Permafrost and Homesites
Permafrost: A word that means little to many of us and a lot to some. Back in 1969, my wife and I began to lay the foundation for what was to become our house. This was in a location about 10 miles west of Fairbanks, near the community of Ester.
Although we knew about the dangers of what permafrost could do to dwellings, our building site was located on a south-facing slope situated on what appeared to be a very solid footing of Fairbanks loess, or wind deposited glacial flour (generally referred to in the area as "silt"). As a one-time geologist, this seemed safe enough to me.

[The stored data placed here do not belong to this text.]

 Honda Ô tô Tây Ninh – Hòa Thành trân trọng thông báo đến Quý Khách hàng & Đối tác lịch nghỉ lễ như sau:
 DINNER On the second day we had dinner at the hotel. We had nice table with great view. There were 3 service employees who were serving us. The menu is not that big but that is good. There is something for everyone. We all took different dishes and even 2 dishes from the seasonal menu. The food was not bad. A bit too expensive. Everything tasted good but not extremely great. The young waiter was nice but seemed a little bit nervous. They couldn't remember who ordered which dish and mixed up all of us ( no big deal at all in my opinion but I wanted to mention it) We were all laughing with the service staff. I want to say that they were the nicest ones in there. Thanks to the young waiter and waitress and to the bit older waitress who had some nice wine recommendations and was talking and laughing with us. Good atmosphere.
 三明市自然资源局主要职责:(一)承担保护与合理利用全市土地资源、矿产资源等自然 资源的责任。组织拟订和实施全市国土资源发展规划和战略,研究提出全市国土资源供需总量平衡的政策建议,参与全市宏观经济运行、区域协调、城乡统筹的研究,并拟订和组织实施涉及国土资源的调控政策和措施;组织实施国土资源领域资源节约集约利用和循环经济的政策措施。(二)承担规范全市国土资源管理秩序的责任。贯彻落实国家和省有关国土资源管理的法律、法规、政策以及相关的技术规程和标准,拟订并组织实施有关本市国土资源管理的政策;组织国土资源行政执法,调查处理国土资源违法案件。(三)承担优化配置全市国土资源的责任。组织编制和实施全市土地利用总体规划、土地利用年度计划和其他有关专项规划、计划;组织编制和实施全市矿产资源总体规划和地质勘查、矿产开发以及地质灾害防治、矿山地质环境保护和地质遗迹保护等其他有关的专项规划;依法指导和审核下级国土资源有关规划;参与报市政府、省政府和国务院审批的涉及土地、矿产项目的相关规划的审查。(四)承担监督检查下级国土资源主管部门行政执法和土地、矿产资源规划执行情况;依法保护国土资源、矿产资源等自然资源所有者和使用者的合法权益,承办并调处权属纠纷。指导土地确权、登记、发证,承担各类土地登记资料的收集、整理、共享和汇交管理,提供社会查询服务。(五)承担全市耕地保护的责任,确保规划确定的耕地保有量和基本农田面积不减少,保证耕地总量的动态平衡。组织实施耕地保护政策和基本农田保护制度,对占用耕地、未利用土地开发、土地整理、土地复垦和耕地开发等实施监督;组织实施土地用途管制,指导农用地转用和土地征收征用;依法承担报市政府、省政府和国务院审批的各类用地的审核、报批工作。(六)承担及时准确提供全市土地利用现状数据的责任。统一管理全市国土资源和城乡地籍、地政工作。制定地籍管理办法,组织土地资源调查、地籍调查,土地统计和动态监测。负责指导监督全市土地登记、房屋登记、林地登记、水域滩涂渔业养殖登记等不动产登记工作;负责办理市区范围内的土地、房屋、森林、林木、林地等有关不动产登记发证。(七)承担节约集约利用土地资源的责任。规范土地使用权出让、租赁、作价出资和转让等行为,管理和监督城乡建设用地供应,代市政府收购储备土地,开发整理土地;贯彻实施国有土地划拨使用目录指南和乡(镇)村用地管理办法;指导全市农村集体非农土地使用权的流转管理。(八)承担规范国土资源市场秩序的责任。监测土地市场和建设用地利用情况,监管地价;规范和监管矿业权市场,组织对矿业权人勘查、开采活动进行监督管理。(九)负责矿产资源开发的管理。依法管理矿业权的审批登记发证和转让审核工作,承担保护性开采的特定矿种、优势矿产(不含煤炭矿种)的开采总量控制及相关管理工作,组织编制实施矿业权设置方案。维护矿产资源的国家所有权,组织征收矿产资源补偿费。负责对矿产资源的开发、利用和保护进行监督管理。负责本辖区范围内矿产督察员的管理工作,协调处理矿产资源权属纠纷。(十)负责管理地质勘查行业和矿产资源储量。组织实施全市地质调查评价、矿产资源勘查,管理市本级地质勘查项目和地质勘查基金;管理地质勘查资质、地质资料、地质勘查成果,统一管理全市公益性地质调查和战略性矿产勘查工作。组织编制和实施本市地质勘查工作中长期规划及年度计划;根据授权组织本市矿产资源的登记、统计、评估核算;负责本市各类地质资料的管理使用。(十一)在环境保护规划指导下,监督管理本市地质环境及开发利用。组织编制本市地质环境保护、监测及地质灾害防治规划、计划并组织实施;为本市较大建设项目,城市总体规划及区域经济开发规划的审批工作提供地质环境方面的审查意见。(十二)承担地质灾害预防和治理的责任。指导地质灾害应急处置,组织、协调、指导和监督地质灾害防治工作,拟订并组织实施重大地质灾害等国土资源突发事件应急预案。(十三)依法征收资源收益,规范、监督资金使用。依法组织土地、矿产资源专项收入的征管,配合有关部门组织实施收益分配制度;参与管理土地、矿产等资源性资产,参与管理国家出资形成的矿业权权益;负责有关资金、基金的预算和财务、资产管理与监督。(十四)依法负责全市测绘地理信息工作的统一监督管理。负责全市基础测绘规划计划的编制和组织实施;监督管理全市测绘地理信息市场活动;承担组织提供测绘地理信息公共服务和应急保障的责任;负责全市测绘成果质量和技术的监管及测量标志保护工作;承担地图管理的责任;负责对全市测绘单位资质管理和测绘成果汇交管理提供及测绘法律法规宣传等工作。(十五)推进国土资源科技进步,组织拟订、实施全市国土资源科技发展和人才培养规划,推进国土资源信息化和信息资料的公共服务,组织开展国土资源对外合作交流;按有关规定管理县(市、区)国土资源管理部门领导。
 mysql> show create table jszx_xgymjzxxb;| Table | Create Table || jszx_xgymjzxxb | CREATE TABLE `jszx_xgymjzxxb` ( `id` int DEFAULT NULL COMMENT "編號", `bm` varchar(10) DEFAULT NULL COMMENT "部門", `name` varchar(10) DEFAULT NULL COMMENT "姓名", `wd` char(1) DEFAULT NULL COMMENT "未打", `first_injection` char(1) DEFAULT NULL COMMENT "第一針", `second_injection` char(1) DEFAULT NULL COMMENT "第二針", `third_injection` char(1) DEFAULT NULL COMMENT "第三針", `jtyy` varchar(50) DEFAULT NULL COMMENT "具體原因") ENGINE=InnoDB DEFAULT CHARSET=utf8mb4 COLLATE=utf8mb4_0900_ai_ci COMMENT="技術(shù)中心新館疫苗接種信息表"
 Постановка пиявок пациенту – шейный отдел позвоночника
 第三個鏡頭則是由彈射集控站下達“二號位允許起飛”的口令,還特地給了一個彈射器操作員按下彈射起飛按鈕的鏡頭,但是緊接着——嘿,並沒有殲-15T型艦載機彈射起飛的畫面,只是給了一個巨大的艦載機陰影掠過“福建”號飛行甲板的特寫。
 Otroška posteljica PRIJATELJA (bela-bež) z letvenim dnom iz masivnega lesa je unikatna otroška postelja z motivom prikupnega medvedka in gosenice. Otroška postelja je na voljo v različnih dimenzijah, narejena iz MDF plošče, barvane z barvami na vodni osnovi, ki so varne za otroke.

Like so many people in Alaska, we were not able to complete the house in only one season, and it was not until two years later that we could afford to have a water well drilled. Imagine our consternation when the driller informed us that, only six feet down, our house was sitting on solid permafrost.
Ordinarily, this would have meant that, within a matter of years, the heat transmitted downward from the house into the soil would have begun to cause settling. This happens when ice-bonded permafrost and often-extensive solid ice lenses lying within it begin to melt. It is a familiar problem to many builders in the far north.

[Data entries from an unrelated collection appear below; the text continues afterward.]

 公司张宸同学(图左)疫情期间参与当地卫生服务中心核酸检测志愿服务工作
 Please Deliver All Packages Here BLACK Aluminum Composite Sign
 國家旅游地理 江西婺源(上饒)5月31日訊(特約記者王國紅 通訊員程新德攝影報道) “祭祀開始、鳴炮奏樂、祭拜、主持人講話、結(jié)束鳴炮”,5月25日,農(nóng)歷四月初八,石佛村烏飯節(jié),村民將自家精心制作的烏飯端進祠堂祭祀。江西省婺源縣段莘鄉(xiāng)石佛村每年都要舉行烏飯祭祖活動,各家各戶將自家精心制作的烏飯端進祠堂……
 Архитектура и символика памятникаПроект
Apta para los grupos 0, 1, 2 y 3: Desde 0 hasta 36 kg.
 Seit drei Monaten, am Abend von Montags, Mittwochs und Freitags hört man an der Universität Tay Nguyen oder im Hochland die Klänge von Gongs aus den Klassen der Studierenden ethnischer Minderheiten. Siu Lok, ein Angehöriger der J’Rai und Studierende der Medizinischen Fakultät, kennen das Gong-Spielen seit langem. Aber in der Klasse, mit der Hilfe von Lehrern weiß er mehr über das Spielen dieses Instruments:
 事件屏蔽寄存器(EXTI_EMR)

We were lucky. A neighbor's house only 200 yards downhill from us has been undergoing steady deformation for years, because of gradual melting and subsequent downhill flow of the material bordering and underlying it.
As it happened, the loess underlying our house has only a very small moisture content, and any thawing which has occurred has not produced noticeable settling. To other less fortunate residents around the state, foundation material is often found to contain a significant portion of solid ice or ice-rich material, which creates havoc as it melts.
Although we didn't know it when we started our construction, loess is particularly notorious in this respect.
The moral: check you footing before you build.